Doc of the Day: Deafening Silence


A trippy odyssey through the landscapes and people of Burma.

Dir. Holly Fisher, 2012, 118 min

We of the West have a fascination with Third World monsters that is fickle as it is morbid. Already Joseph Kony seems to be evaporating from our collective conscious (and conscience). Books, news articles, and, of course, documentaries all breathlessly report the extremes of ethnic violence, bitter poverty, and military tyrants, among other injustices. They come, rouse some of the golden “awareness,” and then go. What does it take to truly lodge these things in the mind? Lars von Trier said that movies should be like a stone in one’s shoe. This should fully apply to documentaries about impoverished countries.

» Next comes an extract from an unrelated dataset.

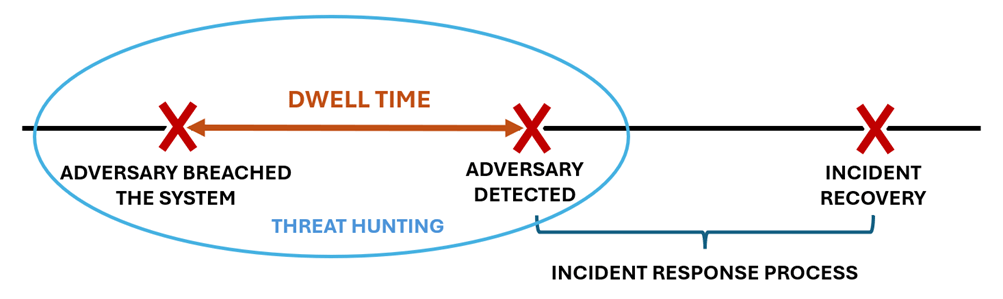 L’obiettivo principale di un threat hunter è identificare una compromissione nel minor tempo possibile, al fine di ridurne l’impatto e minimizzare il dwell time. Quest’ultimo rappresenta l’intervallo di tempo che intercorre tra il momento in cui un attaccante riesce a infiltrarsi in una organizzazione e quello in cui viene rilevato. Secondo Mandiant nel 2024 il dwell time è stato di 11 giorni (https://cloud.google.com/blog/topics/threat-intelligence/m-trends-2025 ).
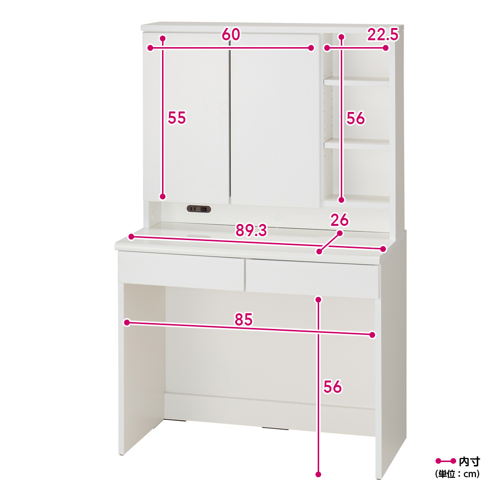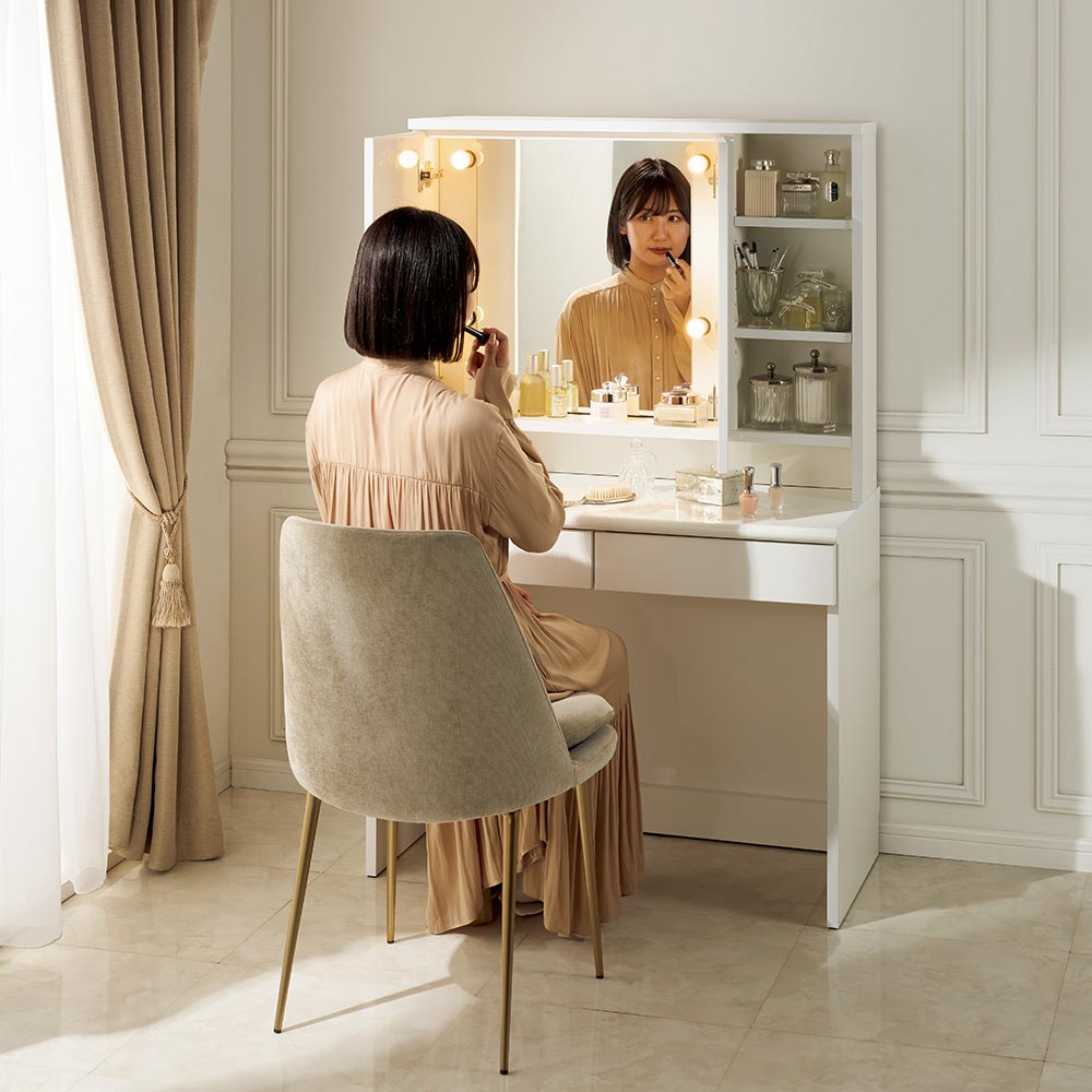顔を明るく照らすLEDライトをはじめ、メイクアップのための機能を備えながら、扉を閉じればシンプルなデスクに変身。仕事も美容も手を抜かない人のための、ドレッサー兼用デスクです。光沢ホワイト 幅89.5cm奥行45cmタイプメイクもワークも一カ所で。私を磨くリッチなデスク顔を明るく照らすLEDライトをはじめ、メイクアップのための機能を備えながら、扉を閉じればシンプルなデスクに変身。仕事も美容も手を抜かない人のために、美しさと使いやすさを叶えました。光沢ホワイト 幅89.5cm奥行45cmタイプ使わないときは鏡を隠せるので、置き場所を選びません使わないときは扉を閉じてミラーとLEDライトを隠せる2WAY設計。リビングなどに置いても違和感がなく、なんとなく落ち着かない、仕事に集中できないといったこともありません。ダークブラウン 幅75.5cm奥行56cm ※ワゴンは別売りです。デスクワークやPC作業のしやすさにも配慮扉を閉じればリモートワークや在宅作業に最適なデスクに。フラットな天板はラップトップPCが使いやすいサイズ。別売りのワゴンにはB5サイズの書類も収納でき、必要な時だけ仕事道具をサッと広げて快適に作業ができます。光沢ホワイト幅75.5cm奥行45cmタイプ ダークブラウン幅89.5cm奥行56cm ※ワゴンは別売りです。扉を開ければゴージャスなメイクスペースが出現扉を閉じればシンプルなデスクに変身。リビングなどに置いても違和感がなく、スペースにゆとりがないという方にもオススメです。扉を開ければ両側から顔を明るく照らしてメイクがしやすいLEDライト、コスメや美容グッズがスッキリ片付く収納、高級感のある素材使いなど、ゴージャスな気分でキレイになれるドレッサーです。組立不要・日本製ドレッサー兼用デスクシリーズ商品は、幅75.5cm奥行45cm、幅89.5cm奥行45cm、幅75.5cm奥行56cm、幅89.5cm奥行56cmの4タイプ。色は光沢ホワイトとダークブラウンの2色展開で、お部屋に合わせてお選びいただけます。国内メーカーが丁寧に仕上げて完成品でお届けしますので、届いたらすぐお使いいただけます。両サイドから顔を明るく照らしてメイク上手に左右にLEDライトを設置した女優ミラー仕様。ゴージャスな雰囲気を味わえるだけでなく、顔に影ができにくいので繊細な作業がしやすく、メイクの腕がアップします。美容家電に使えるコンセントと付け替え可能なLEDライト付き(写真左)顔を明るく照らしてくれるLEDライトは交換可能。(写真右)美容家電の使用時に便利な1口コンセント付き。化粧品のボトルやコスメグッズは可動棚に収納化粧水のボトルやコスメ類などを飾るように収納できるオープンシェルフ。可動棚(3cm間隔)なので、収納物に合わせて高さを変えられます。細々した物がたくさん収納できる引き出し付き天板下には引き出し2杯付き。リップ、シャドウ、チークなど、小型のコスメや美容グッズ、デスク使用時に必要な文具類がたっぷり収納できます。

How do you make the right stone?

Holly Fisher has cracked this dilemma with Deafening Silence. She’s molded a stark testament to life in Burma, or “Myanmar.” In a first for this site, I might be giving this film its first review, as it had its world première tonight at the Environmental Film Festival. It’s a hard sell, but this doc deserves to go places. Big places. Using footage from two trips she took to Burma (one as a legitimate tourist and one covertly and illegally), news reports, YouTube videos, interviews, and more, she crafts a nonfiction tone poem that feels more like Apocalypse Now than any doc I can think of.

Burma is, to put it way too mildly, a mess. It’s a beautiful, resource-bountiful country with a rich cultural heritage. But its people have suffered long, first under British imperialism, and then a long civil war as well as a military dictatorship second only perhaps to North Korea in its stultifying brutality. As the regime stubbornly ignores and/or rebuffs foreign aid and attention, the citizens, especially the persecuted ethnic minorities, go voiceless. This film seeks to penetrate that namesake wall of silence.

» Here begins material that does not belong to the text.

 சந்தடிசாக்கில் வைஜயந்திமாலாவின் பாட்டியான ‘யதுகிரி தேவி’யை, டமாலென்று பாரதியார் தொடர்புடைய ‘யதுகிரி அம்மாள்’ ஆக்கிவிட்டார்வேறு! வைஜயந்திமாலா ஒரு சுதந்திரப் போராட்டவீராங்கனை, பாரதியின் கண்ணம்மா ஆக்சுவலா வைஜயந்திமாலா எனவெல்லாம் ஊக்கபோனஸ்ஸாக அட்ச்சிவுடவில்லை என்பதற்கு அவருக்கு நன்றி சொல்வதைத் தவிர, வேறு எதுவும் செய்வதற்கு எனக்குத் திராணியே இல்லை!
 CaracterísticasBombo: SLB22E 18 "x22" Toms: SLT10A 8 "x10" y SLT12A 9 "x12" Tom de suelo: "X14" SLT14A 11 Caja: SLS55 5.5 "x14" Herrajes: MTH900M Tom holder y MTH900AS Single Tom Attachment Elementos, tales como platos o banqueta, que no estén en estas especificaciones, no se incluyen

The film takes us on a surreal travelogue of Burma, from the streets of Rangoon to the refugee camps of the fringe. Burmese expatriates, democratic resistance fighters, public figures, and ordinary citizens all get a chance to speak. Some of them are talking directly to the camera. Some of them merely act out their everyday lives for us. Some of them, like the heroic, long-imprisoned dissident Aung San Suu Kyi, appear only in newsreels and stock photos. They build a mosaic of all the walks of Burmese life playing out next to each other.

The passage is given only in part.